LISTED ENTRIES ▸
_ _ _ _ _

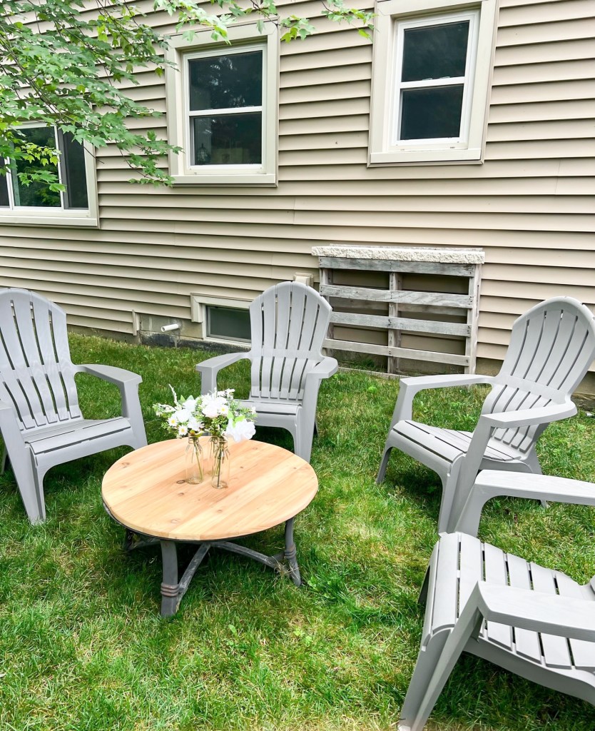 I also built a table top out of cedar to set on an old fire-pit we have to create an additional seating area.
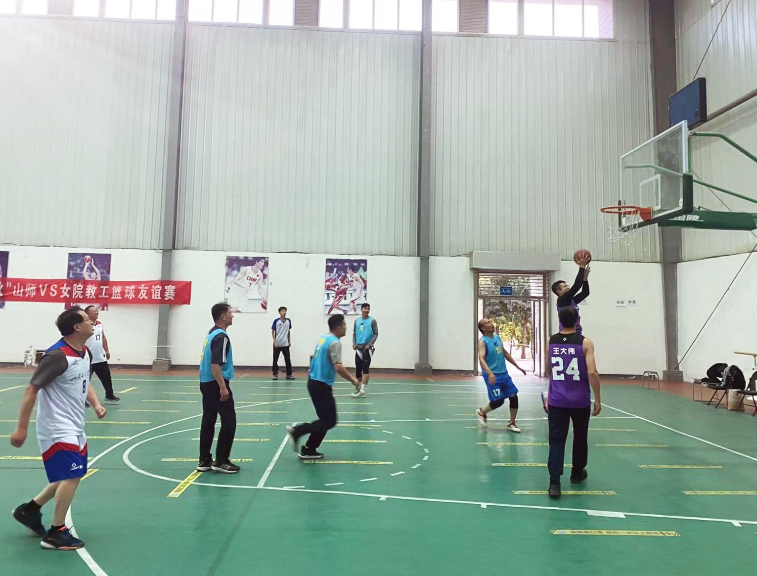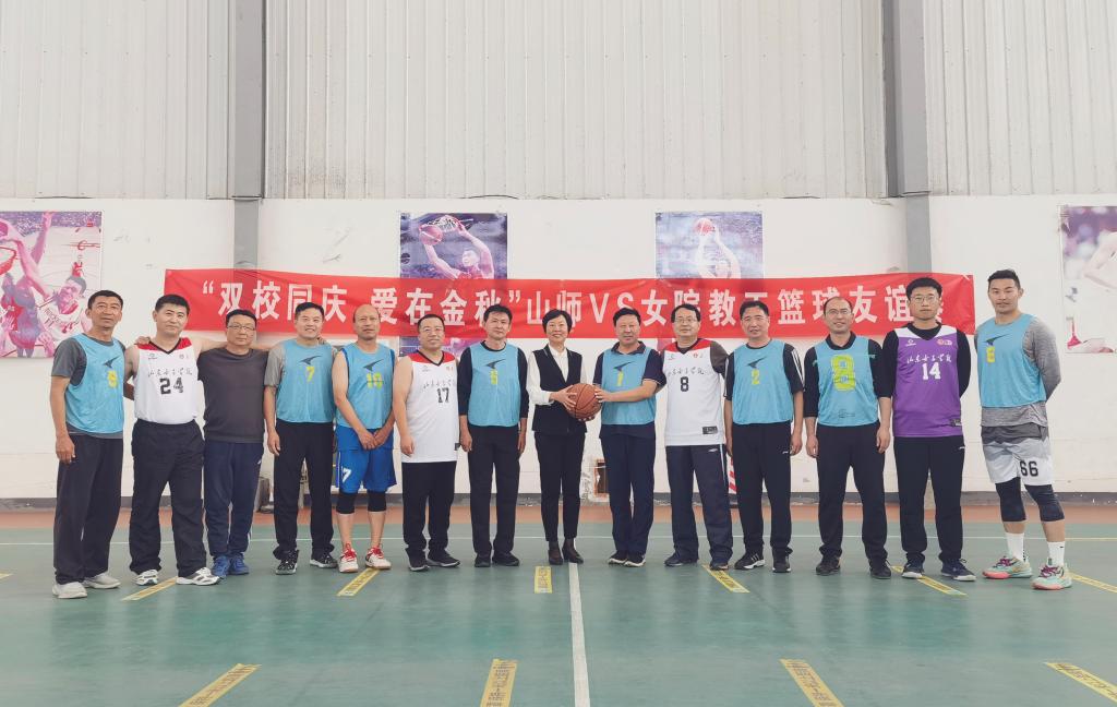 10月24日下午,学校与山东师范大学联合举办“双校同庆 爱在金秋”山师女院教工篮球友谊系列赛首场比赛开赛,比赛由学校工会组织,部分教职工参赛。
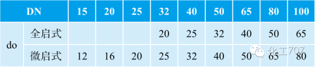 根据最小泄放面积可求出流道直径 do,查表 4,可确定安全阀公称通径 DN,查表 5,可确定安全阀型号。
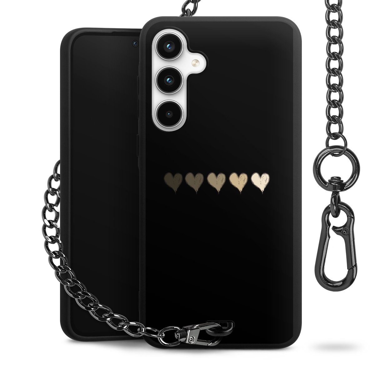 - Mattschwarze Handyhülle mit Metallkette
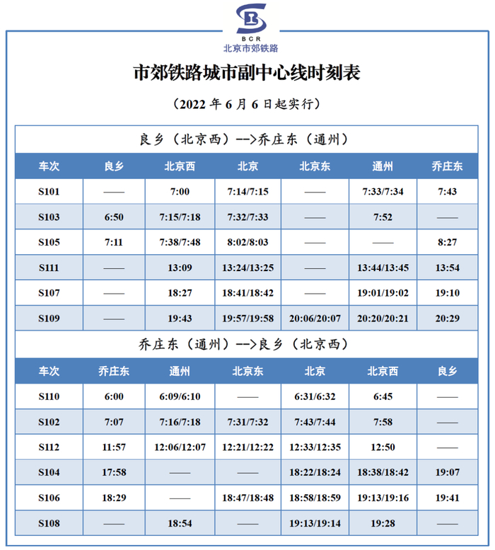 6月6日首班车起,市郊铁路城市副中心线良乡站、北京东站,通密线顺义站、牛栏山站恢复办理市郊列车客运业务。城市副中心线列车时刻表如下所示。
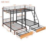 Full Over Twin & Twin Bunk Bed, Triple Bunk Bed With Drawers And Guardrails - Black
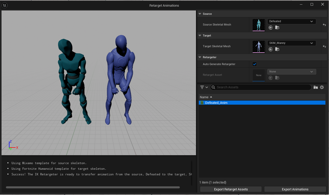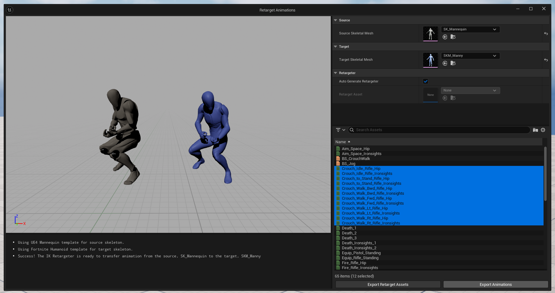 The engine will now process and retarget all selected animations, creating new copies in your package folder that are compatible with the HELIX skeleton.
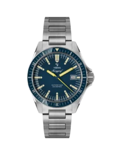 The Sub 200 Caribbean channels the daring spirit of the sea with a sleek 42 mm (approx) 316L stainless-steel case, a domed sapphire crystal echoing the curves of vintage plexiglass and a crisp navy-blue dial that evokes tropical depths. Water resistant to 200 metres (20 ATM), it features a unidirectional rotating bezel and Super-LumiNova® treated dial and bezel markers for high-visibility in low-light or underwater conditions.
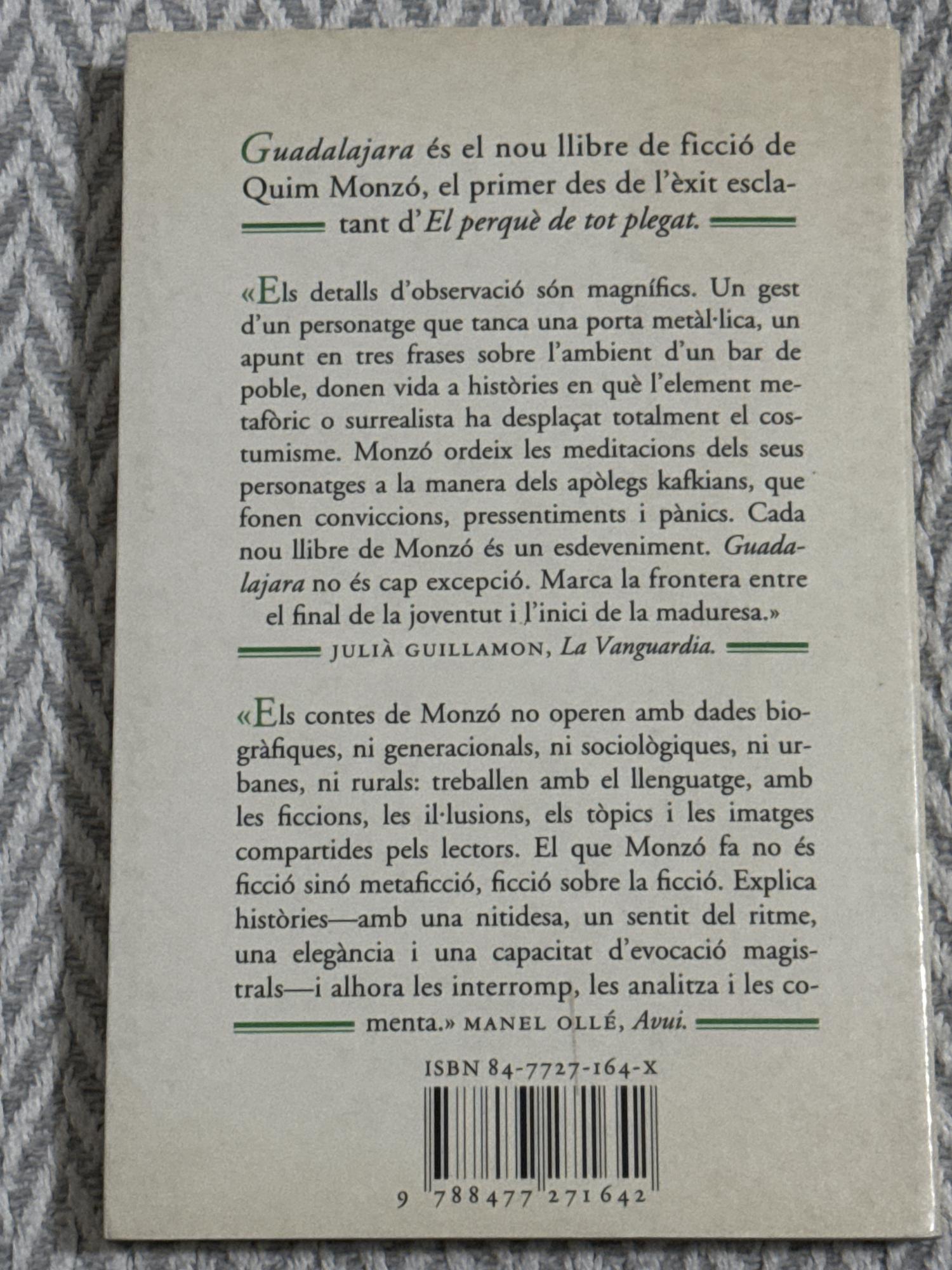 Guadalajara és un recull de narrativa breu on Quim Monzó desplega la seva mirada irònica i lúcida sobre la vida quotidiana. Les històries, aparentment senzilles, se situen en escenaris recognoscibles —una casa, un bar, un carrer— però aviat prenen girs insospitats que barregen el real amb l’absurd i el simbòlic.
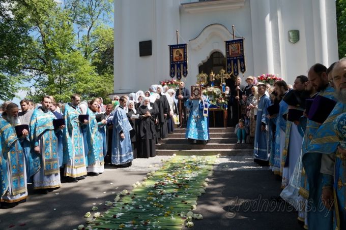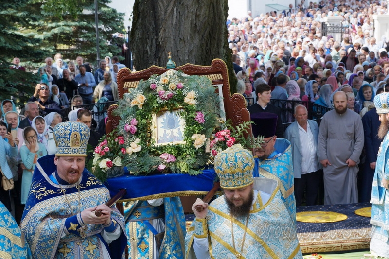 По окончании литургии архипастыри и сослужившие им священнослужители, все молящиеся прошли Крестным ходом с Жировичской иконой Пресвятой Богородицы к Явленскому храму, где перед чудотворным образом был отслужен молебен с акафистом Жировичской иконе Божией Матери.
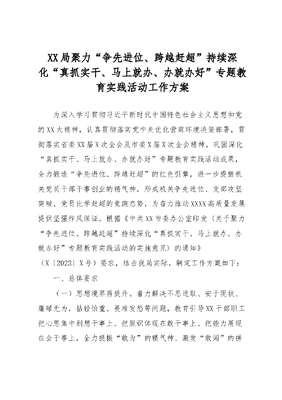 XX局聚力“争先进位、跨越赶超”持续深化“真抓实干、马上就办、办就办好”专题教育实践活动工作方案.docx
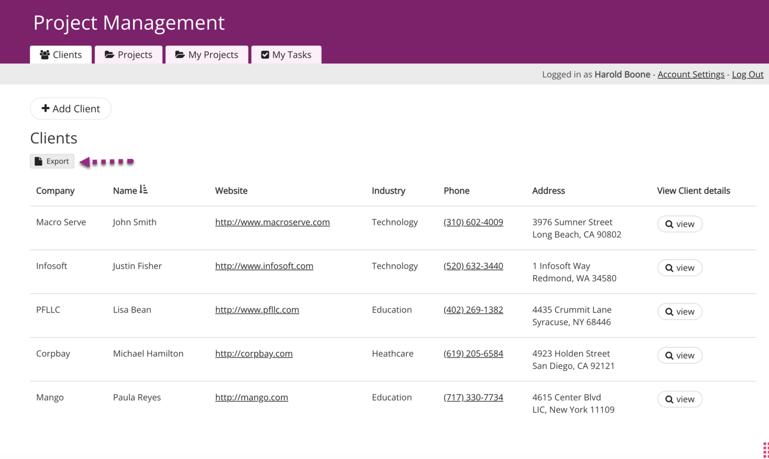 Exporting Names and Addresses
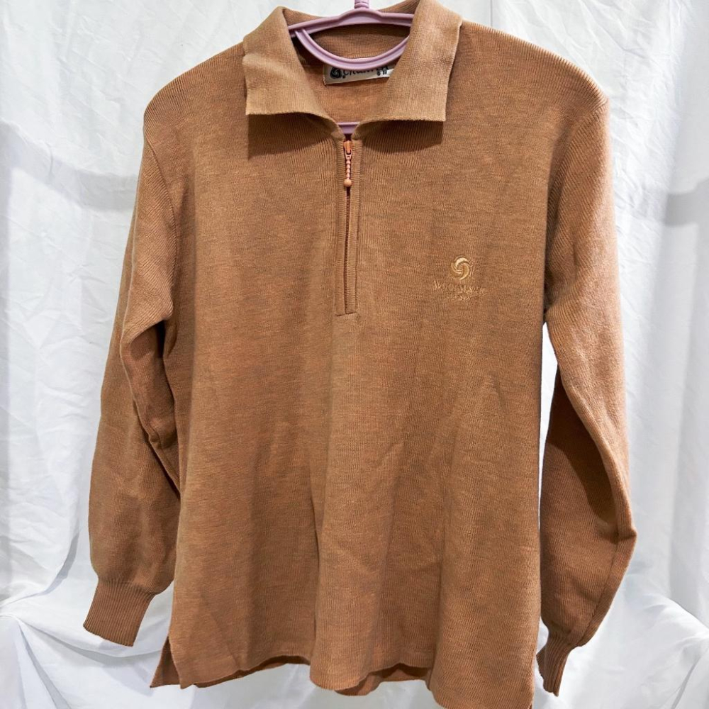 🪝古著🪝奶茶色立領半拉鍊針織長袖上衣/早期台灣🇹🇼春毅品牌/vintage復古.Second hand
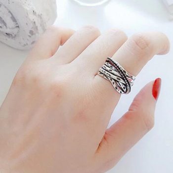 Victoria’s Vogue Creative Female Fashion Personality 925 Sterling Silver Jewelry Twist Geometry Hollow Exquisite Opening Rings
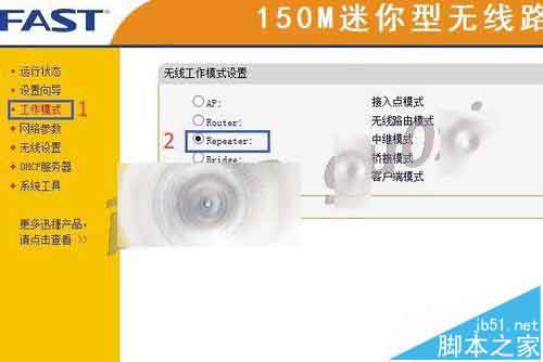 2、登錄成功后,進入工作模式,選擇Repeater中繼模式,然后點擊保存.
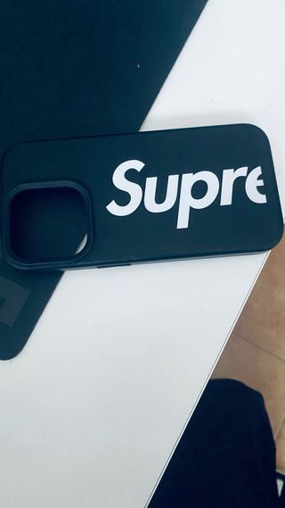 Funda negra para iPhone 15 con el logo de Supreme. - Diseño con logo blanco. - Material resistente.
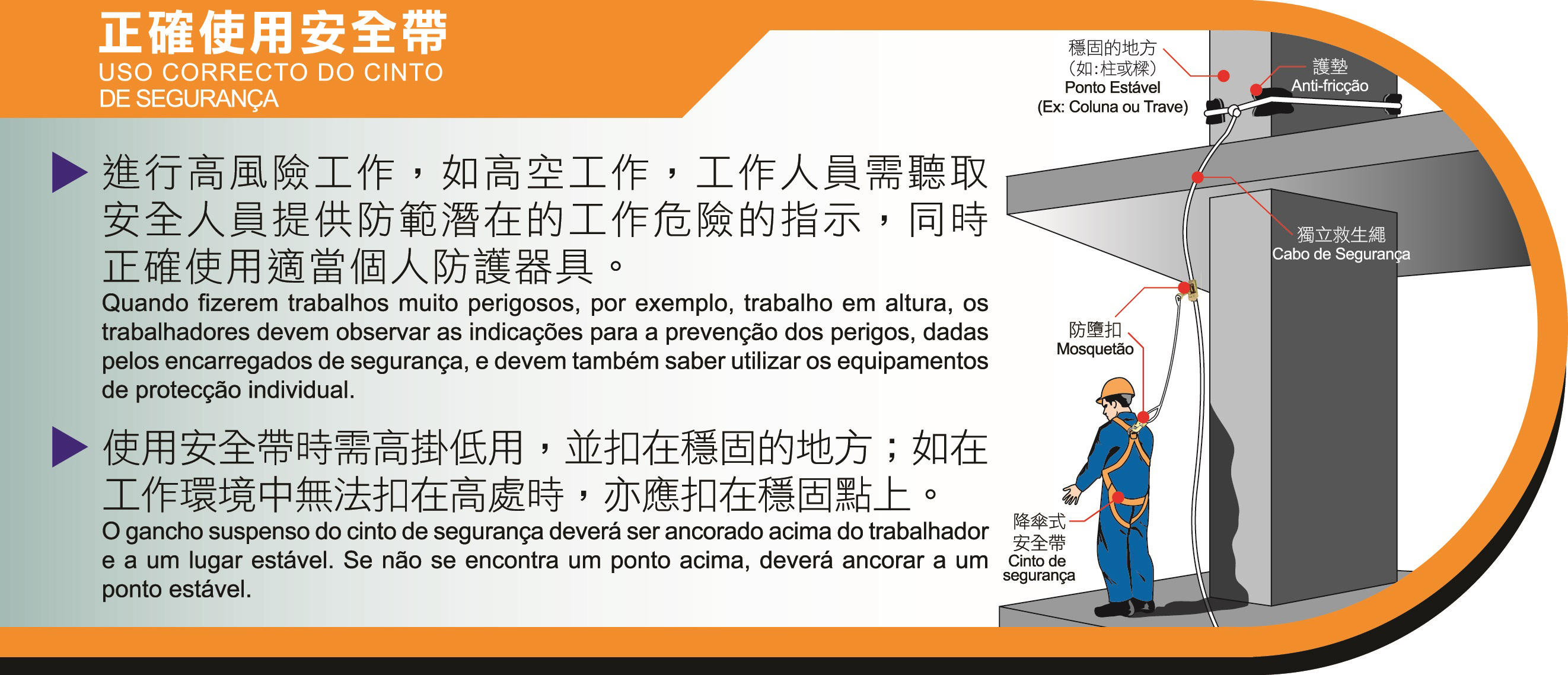 Nos termos do disposto no “Regulamento de Higiene e Segurança no Trabalho da Construção Civil de Macau”, considera-se trabalho em altura todo o trabalho realizado a uma altura igual ou superior a 2 metros a contar do pavimento. Os trabalhadores do sector de decoração ou construção realizam frequentemente trabalhos em altura, sendo diversos os riscos de trabalho, nomeadamente, queda de pessoas e de objectos. Entre os meses de Janeiro e Julho do corrente ano, a Direcção dos Serviços para os Assuntos Laborais (DSAL) aplicou imediatamente 9 sanções por violação aos preceitos regulamentares sobre segurança e saúde ocupacional, causando a queda de pessoas e de objectos.

_ _ _ _ _

WHAT YOU ARE ASKED TO DO ▸
Go back to the lines above and output, exactly as they stand, the ones from the line containing "根据最小泄放面积可求出流道直径 do,查表 4,可确定安全阀公称通径" to the line containing "Full Over Twin". Leave all pictures behind.

TASK SOLUTION ▸
 根据最小泄放面积可求出流道直径 do,查表 4,可确定安全阀公称通径 DN,查表 5,可确定安全阀型号。
 - Mattschwarze Handyhülle mit Metallkette
 6月6日首班车起,市郊铁路城市副中心线良乡站、北京东站,通密线顺义站、牛栏山站恢复办理市郊列车客运业务。城市副中心线列车时刻表如下所示。
 Full Over Twin & Twin Bunk Bed, Triple Bunk Bed With Drawers And Guardrails - Black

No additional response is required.